Untuk berbagi informasi, kelompok fokus pengusaha dan wanita dianjurkan untuk membahas masalah yang penting bagi masing-masing pihak. Dalam kapasitas ini, bermain pembalikan peran sebelum menghadiri sesi direkomendasikan. Biasanya, pertanyaan diminta oleh kedua belah pihak untuk mengatasi masalah mereka, masalah yang penting bagi mereka, dan jawaban disediakan oleh kedua pihak dalam menanggapi masalah dan kekhawatiran tersebut. Di negara-negara kapitalis, seperti Amerika Serikat, perusahaan menggunakan pendekatan langsung dalam negosiasi, sementara di negara lain, pendekatan tidak langsung digunakan. Beberapa negara akan menggunakan pendekatan debat dalam negosiasi; yang lain mengadopsi detail yang berorientasi, curiga terhadap apa yang ada di sana untuk mereka atau rekan mereka, meletakkan kembali, atau pendekatan protokol. Perusahaan harus belajar bagaimana beradaptasi dengan lingkungan masing-masing untuk menjadi sukses.

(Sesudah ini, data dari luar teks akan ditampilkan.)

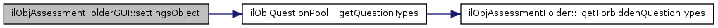Here is the call graph for this function:| ilObjAssessmentFolderGUI::settingsObject | ( | ) |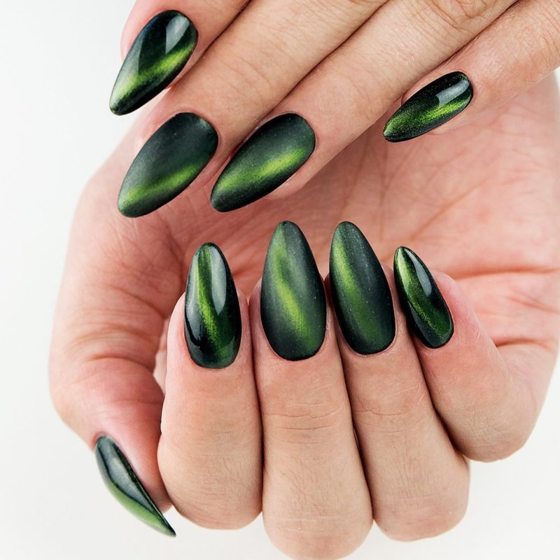 Мастера нейл -арта утверждают, что кошачий глаз — это вариант дизайна, который подходит абсолютно любой форме и длине ногтей.

Membujuk pihak lain untuk mengubah posisi awalnya adalah strategi yang baik dalam negosiasi. Dianjurkan agar masing-masing pihak berkonsentrasi pada apa yang penting bagi mereka, dan untuk membujuk pihak lain untuk menerima tawaran itu, dan juga membuat beberapa konsesi jika perlu. Yang paling penting, itu akan melayani manajer dengan baik jika mereka bernegosiasi sebelumnya sebelum datang ke meja perundingan. Beberapa negara yang berpartisipasi menyelesaikan perbedaan mereka sebelumnya berdasarkan budaya, perilaku, dan cara mereka berbisnis. Manajer perlu melakukan penelitian regional untuk mengidentifikasi negara-negara tersebut, dan ketika negara-negara tersebut diidentifikasi; terlibat dalam negosiasi backdoor disarankan karena itulah cara bisnis dilakukan oleh negara-negara tersebut. Sangat penting untuk menghindari taktik menyesatkan pihak lain karena dapat menimbulkan, atau mengarah ke masalah potensial di masa depan.

Mereka juga menyarankan agar para pihak memutuskan jauh sebelum waktu apa yang bersedia mereka berikan kepada pihak lain. Strategi ini akan bervariasi sesuai dengan budaya pihak lain. Memberikan informasi terbatas adalah strategi yang baik untuk tidak menyerah pada kekuatan negosiasi, dan mencari informasi dari pihak lain membantu untuk memahami jenis informasi apa yang harus diberikan.

Kontrak bervariasi sesuai dengan budaya negara yang berpartisipasi. Sementara kontrak nilai Amerika Serikat sebagai dokumen yang mengikat, beberapa melihatnya sebagai penghinaan, beberapa sebagai kurangnya kepercayaan, yang lain mungkin mengingkari hal itu karena tekanan politik atau ketidakstabilan, dan sebagian lagi akan melakukan bisnis pada kepercayaan dan pemahaman bersama. Siapa pun negara itu, memahami budaya dan perilakunya adalah kunci menuju negosiasi yang berhasil dan cara menghasilkan keuntungan.